**What you will do**
Within the lines below, the span from the line with "ضبطکننده از نوع" to the line with "大町市は27日、市発注の建設", both ends included, is to be reproduced exactly, with pictures omitted.

Content starts

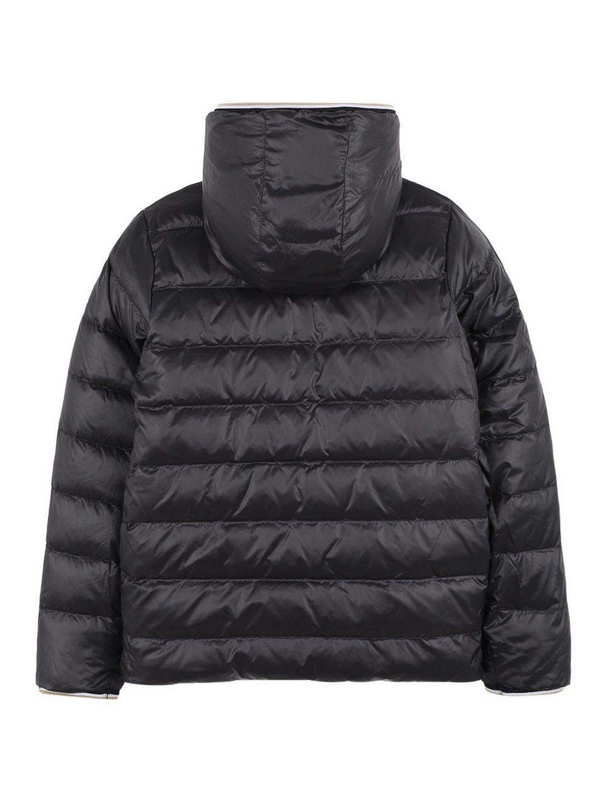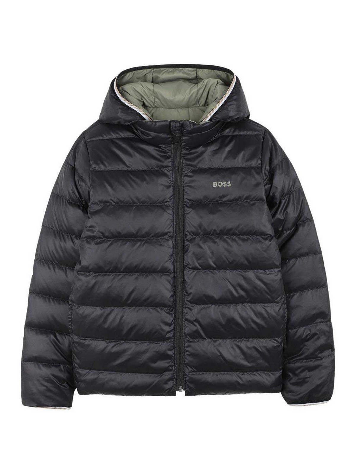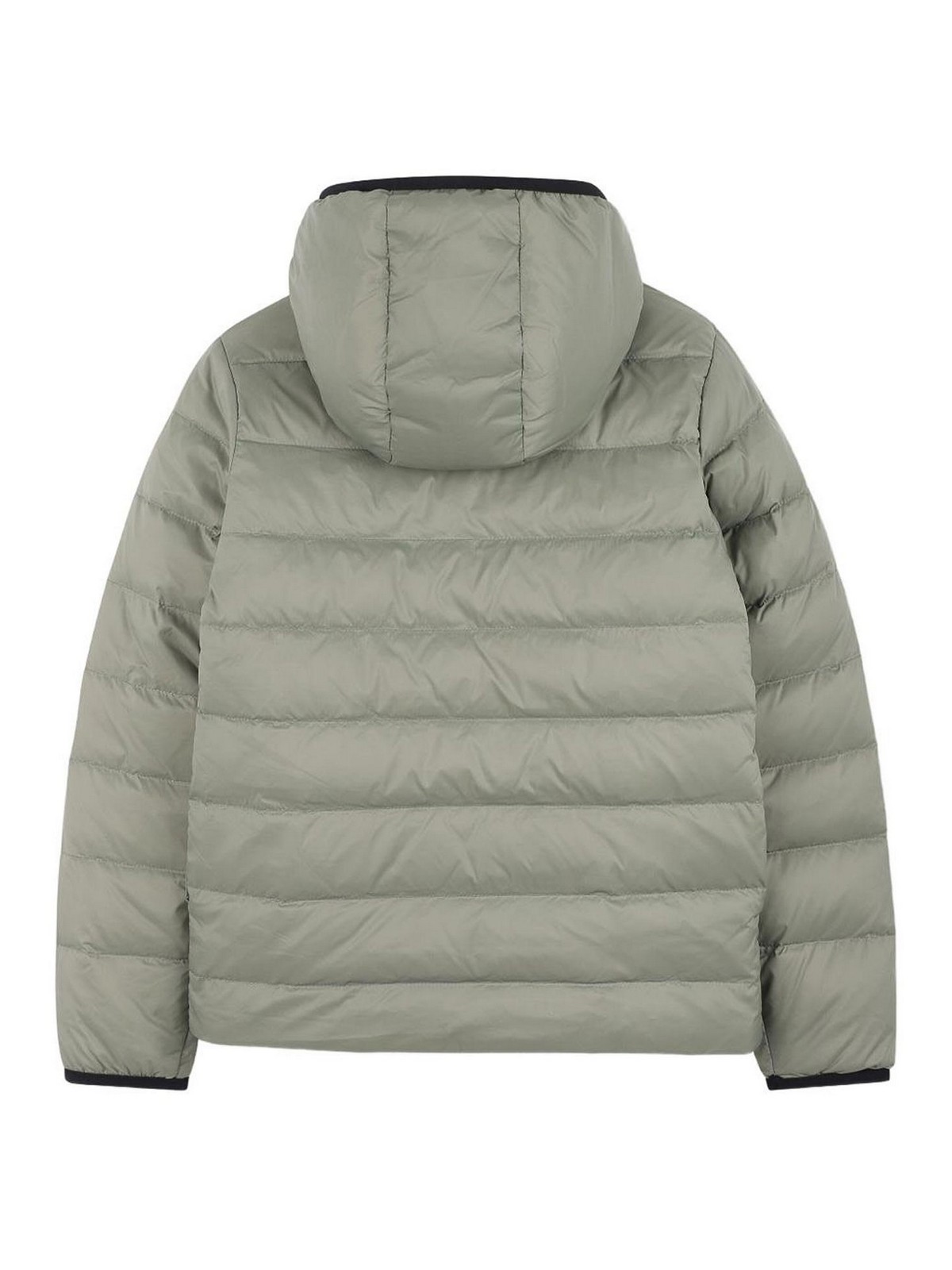 Wendbare Daunenjacke mit grünem, gestepptem Design, Kapuzenausschnitt und Zip-Logo, wendbares Design
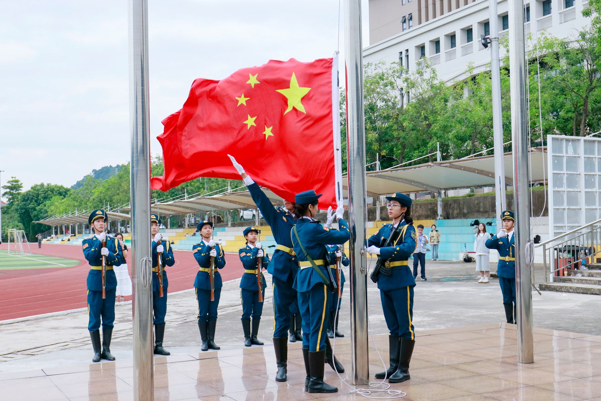 本网讯(宣传部 赵洁宜 新闻中心 吴泓广/郭景花)9月23日上午,beat365官网隆重举行“升国旗,唱国歌”爱国主义教育活动,向学生进行革命传统教育和爱国主义教育,增强学生的国家荣誉感和责任感。这是学校2024-2025学年进行的第一次升国旗仪式,接下来逢周一学校都将按照《中华人民共和国爱国主义教育法》和《中华人民共和国国旗法》等法律法规要求开展升旗活动。上午7时许,电气与电子工程学院全体师生早早来到田径运动场整齐列队。国...
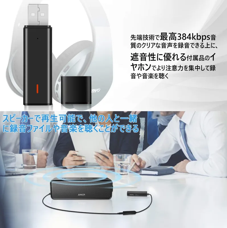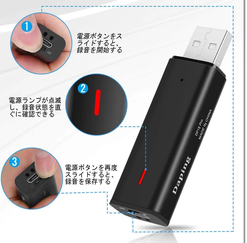 ضبطکننده از نوع حافظه USB) از نوع USB به عنوان ضبطکننده صدا استفاده میکند، بنابراین میتواند نه تنها برای ضبط، بلکه به عنوان حافظه USB نیز مورد استفاده قرار گیرد. اندازه: 2.6 x 0.7 x 0.5 اینچ (6.5 x 1.8 x 1.2 سانتیمتر) و فوقالعاده سبک (0.7 اونس (20
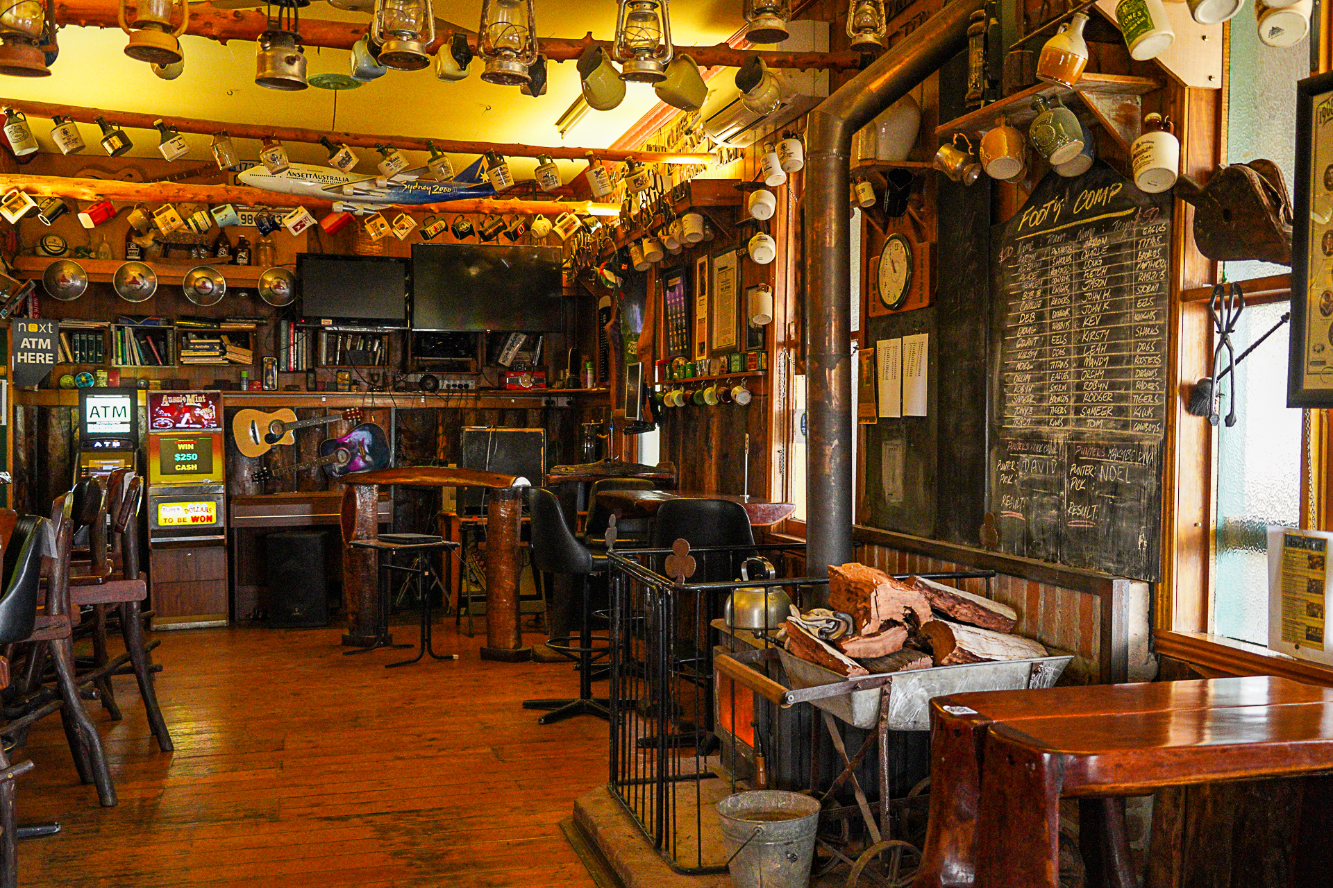 A rustic bar with a firebox to keep you warm and loads of memorabilia on display throughout the pub. Pub stools with a character of their own, old tilly lamps, hats, stubby coolers – this pub has a memorabilia collection rivaling other country pubs in south east Queensland.
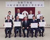 大町市は27日、市発注の建設工事で優れた成績を収めた事業者に対する表彰式を市役所で開いた。昨年度完成した43工事のうち、安全な施工管理や工事の品質などを評価された4工事が受賞した。
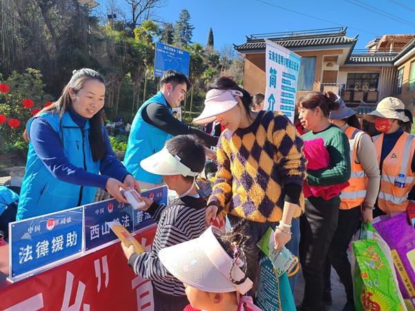 近日,昆明市西山区法学会联合西山区普法办、区司法局、团结司法所等单位在团结街道雨花社区大墨雨民族文化广场开展“春节欢乐颂·墨雨迎客来”暨2025年科技文化卫生“三下乡”普法宣传活动,丰富基层群众法治文化生活,促进乡村法治建设,让法治力量惠及更多民生。
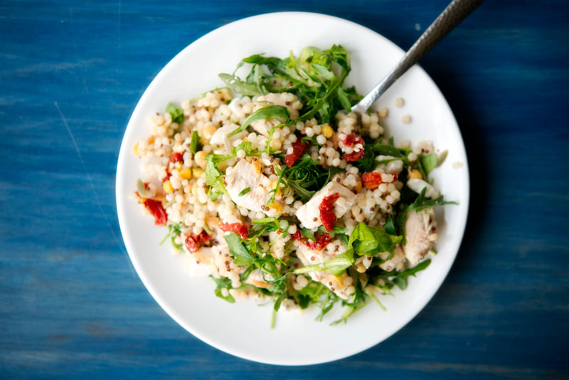 4. Put arugula in a bowl, wilt using hot harvest grains, add chicken, feta, and sundried tomatoes. Top with juice of two lemons and mix well.
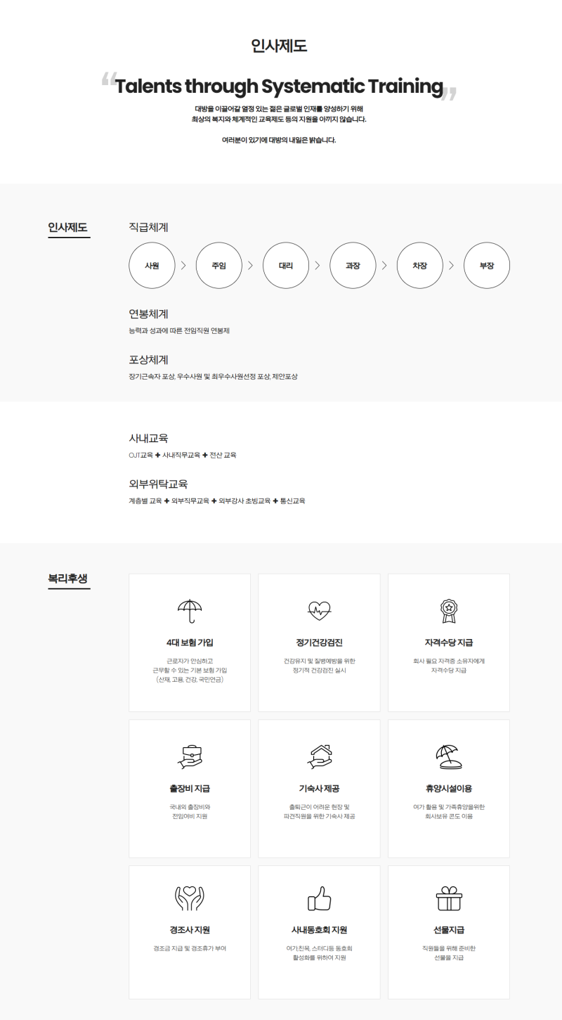 이러한 대기업의 채용은 그만큼 경쟁률이 치열하지만, 합격 시 안정적인 근무 환경과 높은 연봉, 다양한 복지 혜택을 누릴 수 있다는 장점이 있습니다. 또한, 체계적인 교육 시스템을 통해 개인의 역량을 꾸준히 개발할 수 있으며, 다양한 분야의 전문가들과 협력하며 성장할 수 있는 기회를 얻을 수 있습니다.
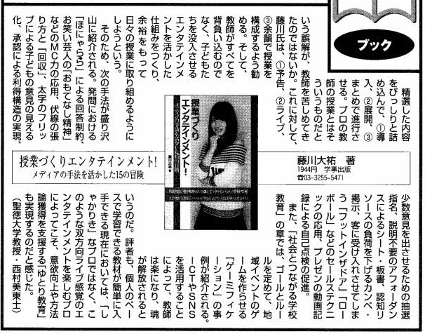 「ほにゃらら」発問による回答制約、お笑い芸人の「おもてなし精神」などのMC力の応用、伏線の張り方と「回収」、太字のフリップによる子どもの意見の見える化、承認による利得構造の実現、少数意見を出させるための抽選指名、説明不要のアフォーダンスによるシート・板書、認知リソースの負荷を下げるカンペ・掲示、客に受け入れさせてしまう「フットインザドア」「ローボール」などのセールステクニックの応用、プレゼンの動画記録による自己点検の促進。また、「社会とつながる学校教育」の章では、@ゲストを招いて、教師はコーディネーター役を務める、A地域からの「正式な依頼」を受けて、地域社会に貢献する、B大人の力を借りて、子どもが他人任せにせずに問題を解決する、などの方法も紹介される。最後に、ゴールとルールを定めて、地域イベントのゲームを作らせる「ゲーミフィケーション」の事例が紹介される。このようにICTやSNSを活用することによって、教師は楽になり、若い魂が解放されるという。教師が楽であること、楽しいこと、それが良い教育の条件であるし、良い教員を集める条件でもあると評者も考える。
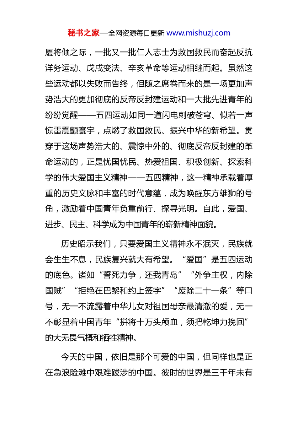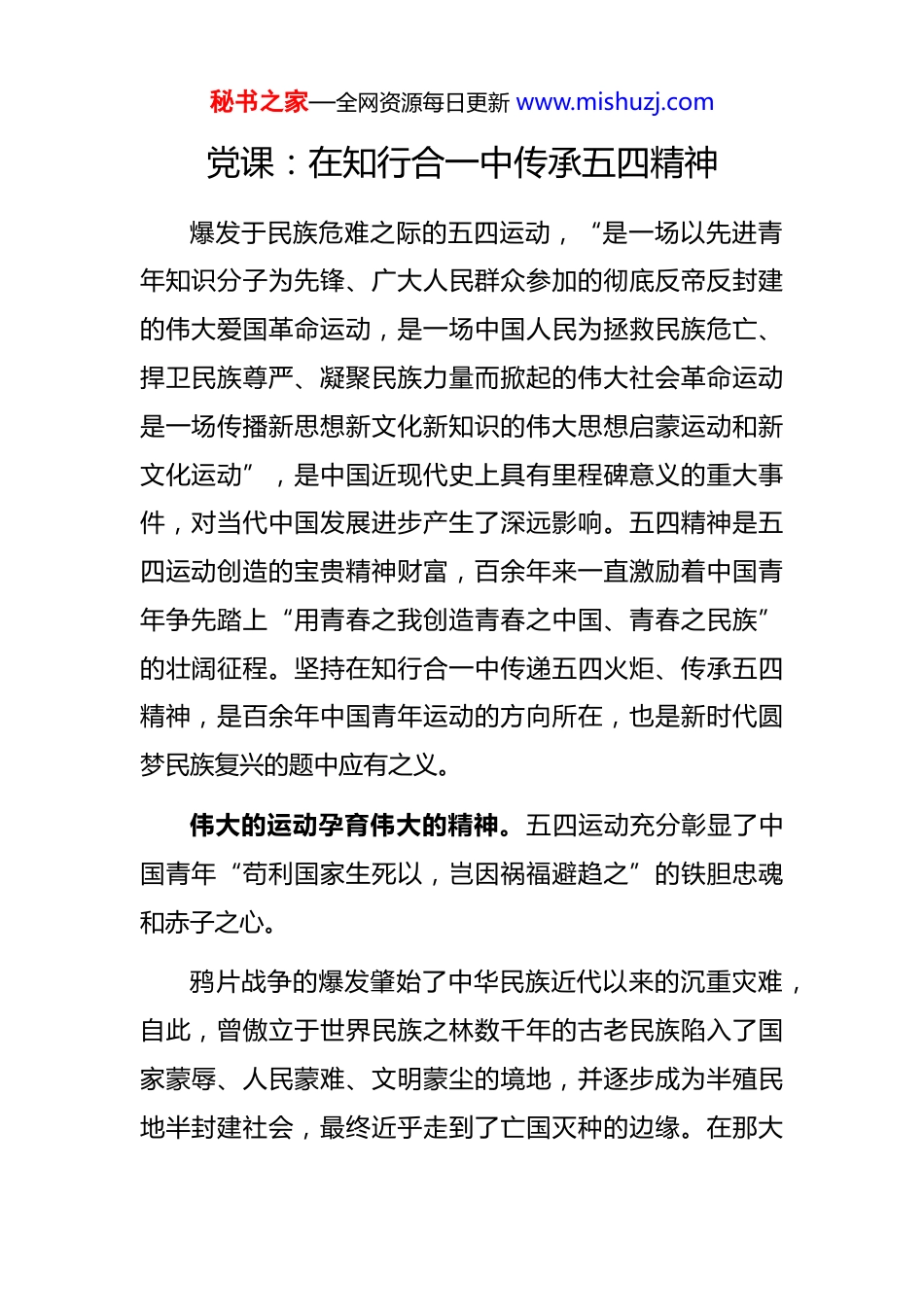 秘书之家—全网资源每日更新 www.mishuzj.com党课:在知行合一中传承五四精神爆发于民族危难之际的五四运动,“是一场以先进青年知识分子为先锋、广大人民群众参加的彻底反帝反封建的伟大爱国革命运动,是一场中国人民为拯救民族危亡、捍卫民族尊严、凝聚民族力量而掀起的伟大社会革命运动是一场传播新思想新文化新知识的伟大思想启蒙运动和新文化运动”,是中国近现代史上具有里程碑意义的重大事件,对当代中国发展进步产生了深远影响。五四精神是五四运动创造的宝贵精神财富,百余年来一直激励着中国青年争先踏上“用青春之我创造青春之中国、青春之民族”的壮阔征程。坚持在知行合一中传递五四火炬、传承五四精神,是百余年中国青年运动的方向所在,也是新时代圆梦民族复兴的题中应有之义。伟大的运动孕育伟大的精神。五四运动充分彰显了中国青年“苟利国家生死以,岂因祸福避趋之”的铁胆忠魂和赤子之心。鸦片战争的爆发肇始了中华民族近代以来的沉重灾难,自此,曾傲立于世界民族之林数千年的古老民族陷入了国家蒙辱、人民蒙难、文明蒙尘的境地,并逐步成为半殖民地半封建社会,最终近乎走到了亡国灭种的边缘。在那大秘书之家—全网资源每日更新 www.mishuzj.com厦将倾之际,一批又一批仁人志士为救国救民而奋起反抗洋务运动、戊戌变法、辛亥革命等运动相继而起。虽然这些运动都以失败而告终,但随之席卷而来的是一场更加声势浩大的更加彻底的反帝反封建运动和一大批先进青年的纷纷觉醒——五四运动如同一道闪电刺破苍穹、似若一声惊雷震颤寰宇,点燃了救国救民、振兴中华的新希望。贯穿于这场声势浩大的、震惊中外的、彻底反帝反封建的革命运动的,正是忧国忧民、热爱祖国、积极创新、探索科学的伟大爱国主义精神——五四精神,这一精神承载着厚重的历史文脉和丰富的时代意蕴,成为唤醒东方雄狮的号角,激励着中国青年负重前行、探寻光明。自此,爱国、进步、民主、科学成为中国青年的崭新精神面貌。历史昭示我们,只要爱国主义精神永不泯灭,民族就会生生不息,民族复兴就大有希望。“爱国”是五四运动的底色。诸如“誓死力争,还我青岛”“外争主权,内除国贼”“拒绝在巴黎和约上签字”“废除二十一条”等口号,无一不流露着中华儿女对祖国母亲最清澈的爱,无一不彰显着中国青年“拼将十万头颅血,须把乾坤力挽回”的大无畏气概和牺牲精神。今天的中国,依旧是那个可爱的中国,但同样也是正在急浪险滩中艰难跋涉的中国。彼时的世界是三千年未有秘书之家—全网资源每日更新 www.mishuzj.com之大变局,时下的世界正处于百年未有之大变局;彼时的中华民族尚在构筑中国梦的基本情境,时下的中华民族仍在思谋伟大复兴的战略全局。尽管在中国共产党的领导下中国人民历经百余年奋斗,已使中华民族迎来了从站起来富起来到强起来的伟大飞跃,但要想长期保持“风景这边独好”局面,国家所面临的挑战之巨、阻碍之大、困难之多,依旧需要务必大力弘扬以爱国主义为核心的五四精神充分激励和调动中华儿女尤其是广大青少年紧密团结在中国共产党的周围,自觉将个人命运与国家和民族的命运高度统一起来,将爱国和爱党、爱社会主义高度统一起来,在坚定“四个自信”、增强“四个意识”、做到“两个维护”、拥护“两个确立”的过程中,坚决抵制各种敌对势力的一切“西化”“分化”“渗透”行径和“民族虚无主义”“历史虚无主义”等不良思潮,积极投身全面建设社会主义现代化国家和实现祖国完全统一的伟大事业,像五四先驱们一样矢志不渝为中华民族伟大复兴而团结奋斗。伟大的精神引领伟大的事业。五四精神激发了中国青年“为有牺牲多壮志,敢教日月换新天”的壮志豪情和进取精神。与**岁的马克思在青春誓言中所畅想的一样:“如果我们选择了最能为人类福利而劳动的职业,那么,重担就秘书之家—全网资源每日更新 www.mishuzj.com不能把我们压倒,因为这是为大家而献身。那时我们所感到的就不是可怜的、有限的、自私的乐趣,我们的幸福将属于千百万人,我们的事业将默默地、但是永恒发挥作用地存在下去,而面对我们的骨灰,高尚的人们将洒下热泪”,五四运动中的先驱们在山河破碎、民族危...
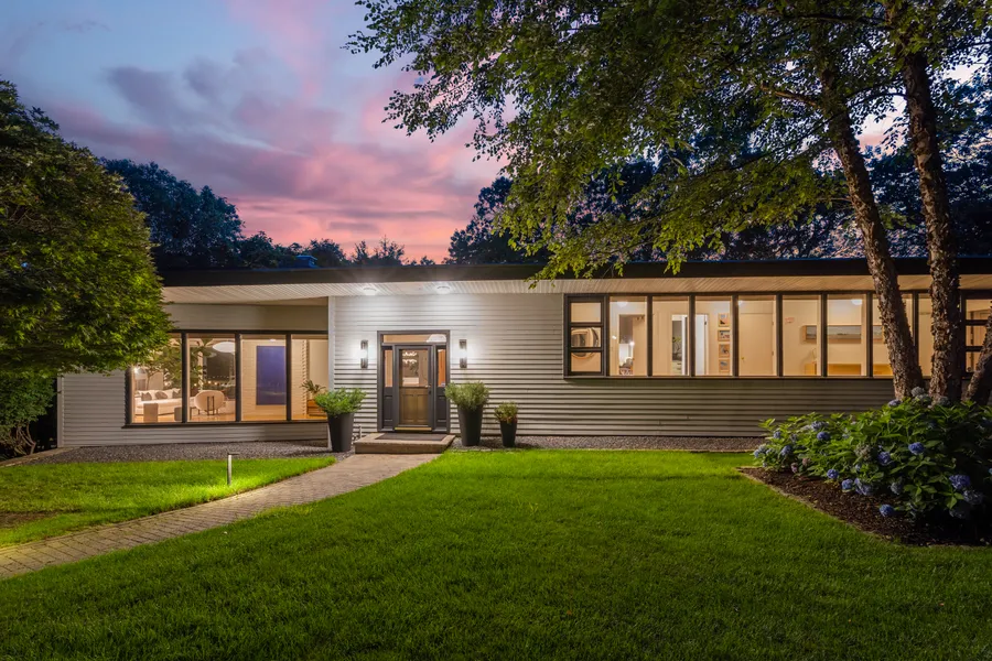 Live in perfect communion with New England’s four distinct seasons in this exceptional mid-century masterpiece where the beauty of nature is the focus of each space, and every room elicits an involuntary exhale. A horseshoe driveway and mature landscaping provide privacy for this indoor-outdoor California contemporary retreat. All three levels are accessible via the open foyer with inviting see-through views to the back yard. A seamless white quartz countertop/backsplash and custom Farrow & Ball painted cabinetry with Jens Risom pulls anchors the u-shaped kitchen. Black matte Brizo faucet/hardware services the oversized stainless steel sink. Wolf wall oven and microwave, Subzero refrigerator, Miele cooktop and Bosche dishwasher are the high-end machines that make this hardworking kitchen hum. Jonathan Adler and Design Within Reach lighting illuminates the oversized dining area and glorio...
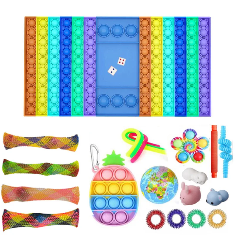 Радужная шахматная доска с пузырьками, сенсорные игрушки, большая и...
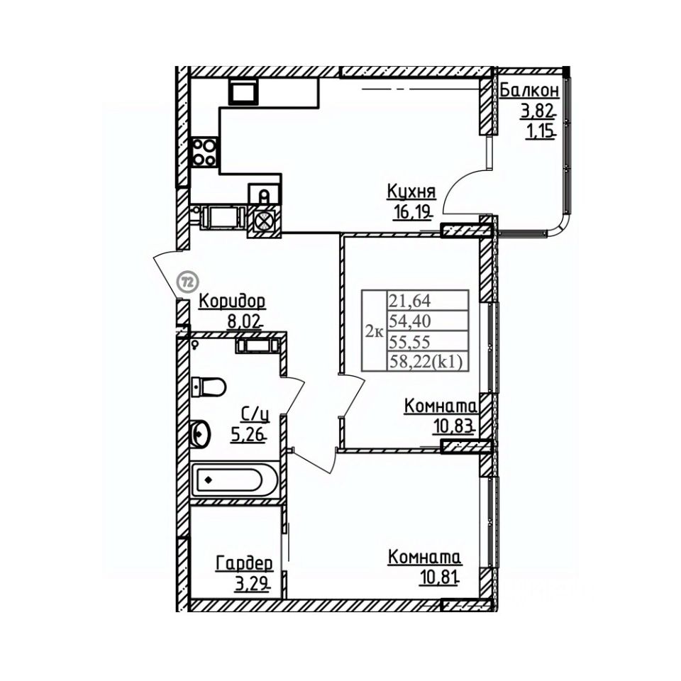 Общая площадь55,55 м²

Content ends

**Answer section**
 ضبطکننده از نوع حافظه USB) از نوع USB به عنوان ضبطکننده صدا استفاده میکند، بنابراین میتواند نه تنها برای ضبط، بلکه به عنوان حافظه USB نیز مورد استفاده قرار گیرد. اندازه: 2.6 x 0.7 x 0.5 اینچ (6.5 x 1.8 x 1.2 سانتیمتر) و فوقالعاده سبک (0.7 اونس (20
 A rustic bar with a firebox to keep you warm and loads of memorabilia on display throughout the pub. Pub stools with a character of their own, old tilly lamps, hats, stubby coolers – this pub has a memorabilia collection rivaling other country pubs in south east Queensland.
 大町市は27日、市発注の建設工事で優れた成績を収めた事業者に対する表彰式を市役所で開いた。昨年度完成した43工事のうち、安全な施工管理や工事の品質などを評価された4工事が受賞した。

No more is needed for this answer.